Applied Chemometrics software carries out denoising using vector method for normalizing near infrared spectrum obtained in step 2 Pretreatment；After spectrum denoising, then convert sample spectra to pairs of data point；

Step 4: screening optimal spectrum Information Number strong point

Using the applying frequency of genetic algorithm screening spectral information data point, modeling then is filtered out using Partial Least Squares Optimal spectrum Information Number strong point；

Step 5: extreme learning machine model foundation

Using the optimal spectrum Information Number strong point filtered out in step 4 as input value, using fresh leaf sample different sources as output valve, The prediction model in the fresh tea leaves place of production is established using the extreme learning machine program bag in Matlab2017b software, excitation function includes 2 Kind: sigmoid function and logistic function；The neuron that hidden layer contains is respectively 5,10,15 and 20；Comparison model Coefficient R c and validation-cross root mean square variance RMSECV size, obtain optimal near infrared prediction model, remember simultaneously The time required to record modeling；Wherein, Rc is bigger, RMSECV is smaller, indicates that forecast result of model is better；

Wherein, RMSECV calculation formula are as follows:,

Rc calculation formula are as follows:,

In formula, n indicate sample number, yi andy _i ^’ The measured value and predicted value of i-th of sample respectively in sample sets,For sample Concentrate the average value of the measured value of i-th of sample, i≤n in formula；

Step 6: model robustness is examined

Application verification collection sample tests to the fresh leaf sample extreme learning machine prediction model effect of different sources, acquired results It indicates that wherein Rp is bigger, RMSEP is smaller with coefficient R p, verifying mean square deviation RMSEP and differentiation rate, indicates model robustness It is better, it can accurately predict the place of production of fresh leaf sample；

Wherein RMSEP calculation formula are as follows:,

Rp calculation formula are as follows:,

In formula, n indicate sample number, yi andy _i ^’ The measured value and predicted value of i-th of sample respectively in sample sets, i in formula≤ n。

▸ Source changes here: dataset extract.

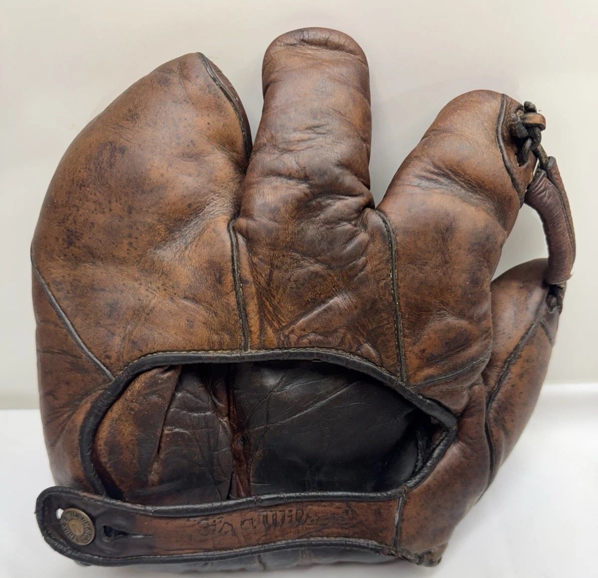 A 1930's Wilson Rogers Hornsby model glove sold for $500. A popular three finger model. It's Well used but still in very nice shape. The Hornsby endorsement is all there but faint.

3. a kind of method of discrimination in fresh tea leaves place of production according to claim 2, it is characterised in that: fresh leaf in the step 1 It is 60 that sample, which acquires sample in protection zone, 60, sample in non-protection area；Fresh leaf sample standard of plucking is respectively as follows: bud, and first Leaf, the second leaf, third leaf, three leaf of one leaf of a bud, two leaves and a bud and a bud.

4. a kind of method of discrimination in fresh tea leaves place of production according to claim 2, it is characterised in that: in the step 2 in Fu Leaf transformation type near infrared spectrometer is the silent winged generation that II type Fourier Transform Near Infrared instrument of Antaris of U.S.'s match, is selected Integrating sphere diffusing reflection optical platform；Spectral scanning range 4000-10000cm^-1；Resolution ratio 8cm^-1, detector InGaAs；Often A sample acquires 3 spectrum, every time scanning 64 times, and the spectrum acquired to 3 times is averaged, using averaged spectrum as the fresh leaf sample The final spectrum of product；Before scanning fresh leaf sample spectra, which is preheated into 1h, keeps room temperature and humidity base After this is consistent, then sample is fitted into rotating cup matched with instrument and carries out spectral scan, the dress sample thickness of each sample is kept Unanimously, guarantee that near infrared light can not penetrate sample.

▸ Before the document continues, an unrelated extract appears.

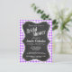 Purple Checkered Gingham; Vintage Chalkboard Invitation Postcard

5. a kind of method of discrimination in fresh tea leaves place of production according to claim 2, it is characterised in that: fresh leaf sample in step 1 Quantity is 120 parts, wherein 90, calibration set sample, verifying collection 30, sample.

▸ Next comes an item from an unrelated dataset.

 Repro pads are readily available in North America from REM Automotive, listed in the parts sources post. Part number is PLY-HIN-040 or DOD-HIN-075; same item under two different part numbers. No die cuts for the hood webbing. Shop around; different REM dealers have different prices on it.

6. a kind of method of discrimination in fresh tea leaves place of production according to claim 2, it is characterised in that: in step 5 prediction model Neuron number uses 15, and excitation function is sigmoid function.

7. a kind of method of discrimination in the fresh tea leaves place of production described in any one of -6 is bestowed favour Yu Lucha in differentiation according to claim 1 Application on the fresh leaf place of production.